Steve Baumann

Personal information
- Full name: Stephen H. Baumann
- Date of birth: August 16, 1952 (age 74)
- Place of birth: Middletown, Ohio, U.S.
- Position: Forward

College career
- Years: Team / Apps / (Gls)
- 1971–1973: Penn Quakers

Senior career*
- Years: Team / Apps / (Gls)
- 1974–1976: Miami Toros / 43 / (3)
- 1975–1976: Miami Toros (indoor) / 2 / (5)

Managerial career
- 1987–1992: Penn Quakers

= Steve Baumann =

American soccer player (born 1952)

Steve Baumann (born August 16, 1952) is an American former soccer player and coach who played as a forward and the former Chief Executive of the National Soccer Hall of Fame.

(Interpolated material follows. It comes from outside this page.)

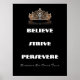 Un arrière - plan noir élégant sur du papier d'affiche de qualité fait un excellent morceau d'oeuvre d'encouragement. Une couronne glamour juive perchée au-dessus de trois mots : Believe Strive Persévère avec une citation de "Dreams do come true". Achetez en l'état ou personnalisez-vous avec le bouton personnaliser ou ajoutez un cadre. Image sous licence

He was a first team All American at the University of Pennsylvania before playing three seasons in the North American Soccer League. He later coached the Penn soccer team for six seasons.

==Player==
Baumann attended Staples High School in Westport, Connecticut where he was a two time All Conference high school soccer player. In 1967, Baumann's sophomore season, Staples won the state championship. In 1969 Staples again took the title, this time on a game winning header by Baumann. He graduated in 1970. He then attended the University of Pennsylvania, playing on the men's soccer team from 1971 to 1973. He holds the school's record for career points with 99 and career assists with 39. He was a 1973 first team All American. In 2005, he was named to the Penn All Century Team. In 1971, Baumann played one season with the Penn football team as a placekicker. He graduated with a bachelor's degree in elementary education and later earned a master's degree in science education at the University of Virginia. In 1973, the Miami Toros of the North American Soccer League selected Baumann in the first round of the NASL College Draft. He spent three seasons in Miami.

==Coach==
After retiring from playing professionally, Baumann became an elementary school teacher in the Fairfax County Public School system where he taught from 1977 to 1987. During this time, he began coaching at the high school level first at Madison High School and then Robinson Secondary School where his team were state runners up in 1987. Baumann was also an instructor in science education and educational technology at George Mason University and Rosemont College. He then coached at the University of Pennsylvania from 1987 to 1993. He finished his six seasons with a 29–51–10 record.

==Executive==
Baumann has held a number of executive positions including the Vice President of Education and Programs at the Liberty Science Center and the Director of Educational Technology Programs at The Franklin Institute Science Museum. In 2004, he became the executive director of the Kidspace Children's Museum in Pasadena, California. On May 11, 2007, Baumann became the President and Chief Operating Officer of the National Soccer Hall of Fame. He is married to Karen Baumann and has two children.